Evidence before this study
Enzyme-linked immunosorbent assay (ELISA), microneutralization (MN), immunofluorescence assay (IFA), and pseudovirus particle neutralization test (ppNT) have been performed to detect serum antibodies against MERS-CoV. There remains a need to develop novel serological assays independent of protein purification, special secondary antibody, virus cultivation and Biosafety Level 3 (BSL-3) laboratory.
New findings
In this study, novel LISAs based on the MERS-CoV S fragments and NP were developed. Human and animal samples infected with MERS-CoV were measured by the newly developed LISAs as well as reference methods including commercial S1-ELISA and ppNT. The results showed that the S1-, RBD-, and NP-LISAs were able to specifically distinguish MERS-CoV-infected samples from samples infected by other HCoV as consistent as the reference methods. Comparing with the commercially available S1-ELISA, the S1- and RBD-LISAs were 64-folds more sensitive. Moreover, the applicability and reliability of the LISAs were verified by detecting anti-MERS-CoV IgG in samples from camels, monkeys, and mice. The RBD-LISA exhibited superior sensitivity and specificity.
Significance of the study
The novel MERS-CoV RBD- and S1-LISAs were developed independent of protein purification and special secondary antibody, and showed super specificity and efficiency for the detection of anti-MERS-CoV IgG in human and animal samples. These assays are recommended for serological diagnosis of MERS-CoV infection in the investigation of epidemic characteristic, origin tracing and vaccine study of MERS-CoV, they would contribute to the scientific control and prevention of MERS.
Alt-text: Unlabelled Box
1. Introduction
The Middle East respiratory syndrome (MERS) is a lethal zoonosis caused by MERS coronavirus (CoV) [1,2]. MERS-CoV infection in humans causes asymptomatic or mild respiratory illness, severe pneumonia, multi-organ failure, and even death [[3], [4], [5]]. According to the World Health Organization (WHO), as of May 9, 2019, there were 2,419 laboratory-confirmed cases of MERS and 836 deaths (35% of case-fatality rate) reported from 27 countries (https://www.who.int/csr/don/09-may-2019-mers-saudi-arabia/en/). The majority of MERS cases occurred in the Middle East, especially in Saudi Arabia [1,3,[6], [7], [8], [9]]. The largest epidemic of MERS outside of the Arabian Peninsula occurred in South Korea in May 2015, and the index case was a traveler who visited the Middle East [10,11]. To date, all confirmed MERS cases have been linked to the Middle East. Human-to-human transmission of MERS-CoV has been well documented in family, community, and healthcare settings [5,[12], [13], [14]]. MERS-CoV poses a significant threat to public health worldwide because of the high fatality rate of MERS infection and potential outbreaks of MERS-CoV infection in healthcare facilities. Furthermore, there are no specific vaccines or therapeutics for the prevention or treatment of MERS-CoV infection [[15], [16], [17], [18], [19], [20], [21]].
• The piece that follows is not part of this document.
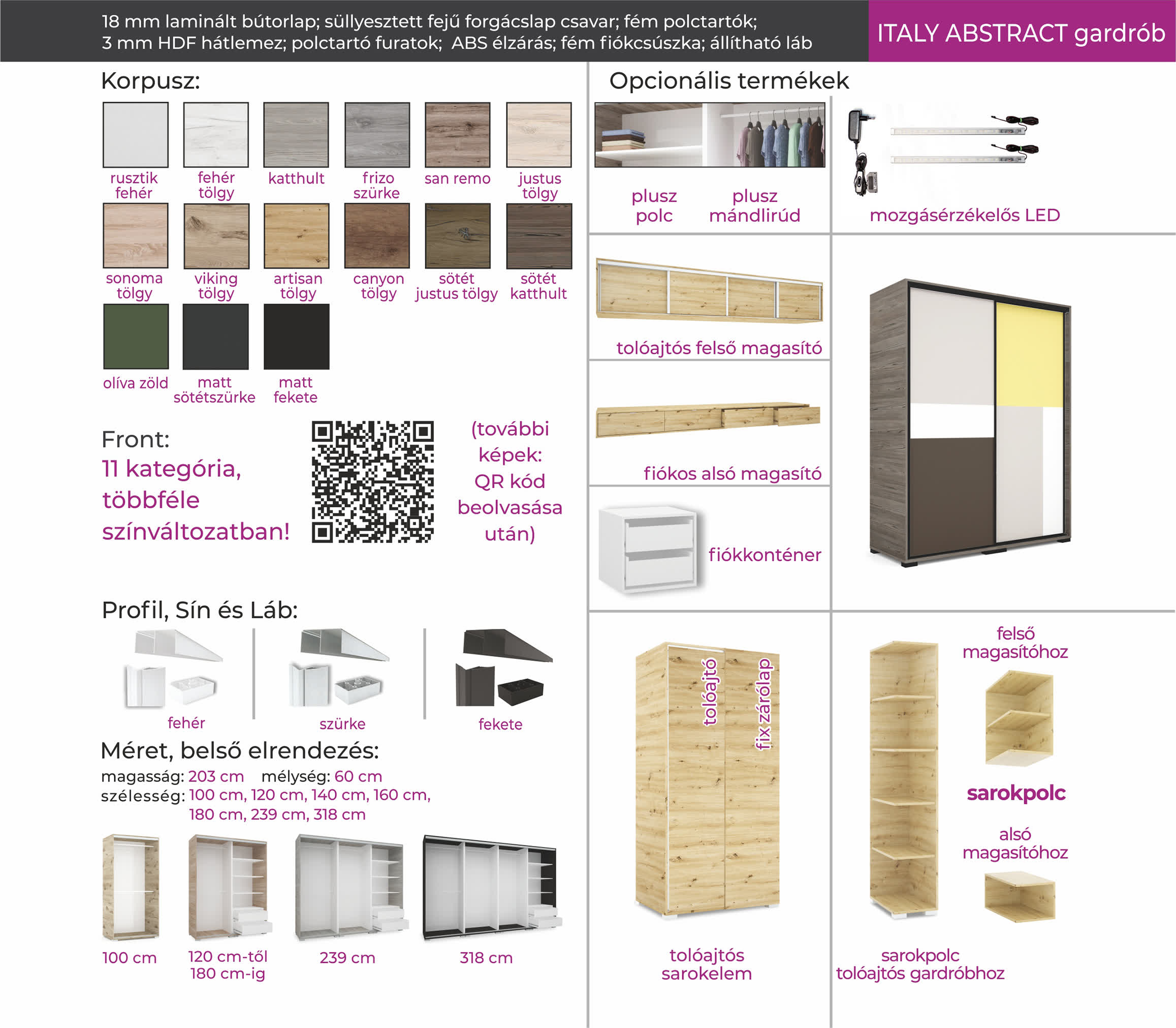 Nem csak a gardrób belsejét variálhatja át, hanem a korpusz színét és az ajtókon lévő képet is kedve szerint megválaszthatja. (Ezektől nem függ a gardrób ára.)

Dromedary camels have been implicated as a zoonotic source of human infections [3,4,16,[22], [23], [24], [25], [26], [27], [28], [29], [30], [31]], and MERS-CoV RNA and viable virus have been isolated from them [7,22,32]. The seroprevalence of MERS-CoV antibodies is very high in dromedary camels within Eastern Africa and the Arabian Peninsula [22,24,25,29,[33], [34], [35], [36], [37], [38], [39]]. The continuing MERS epidemic in the Middle East is believed to be related to the failure to control the zoonotic sources, particularly dromedary camels, resulting in ongoing camel-to-human transmission [2,26,[40], [41], [42]]. Moreover, MERS-like CoVs have been detected in bat species globally, and thus, are thought to be the reservoirs of MERS-CoV [7,41,43,44]. However, the exact source of many primary MERS cases remains unknown, and the transmission mechanisms are poorly understood.
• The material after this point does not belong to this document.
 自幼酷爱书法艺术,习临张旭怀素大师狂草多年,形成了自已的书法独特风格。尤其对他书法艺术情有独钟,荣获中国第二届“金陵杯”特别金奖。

The MERS-CoV genome encodes 16 non-structural proteins (nsp1–16) and four structural proteins, including the spike (S), small envelope (E), membrane (M), and nucleocapsid (N) proteins. The viral structural proteins, S and N, have the highest immunogenicity [45]. The S protein undergoes protease cleavage into S1 and S2 subunits. The S1 and S2 subunits mediate coronavirus entry into host cells by binding to the receptor on the host-cell surface via the receptor-binding domain (RBD) of the S1 subunit [32,[46], [47], [48]]. Both the S and N proteins are the major immunodominant regions of MERS-CoV, and are often applied as target antigens for detection of a humoral immune response after infection.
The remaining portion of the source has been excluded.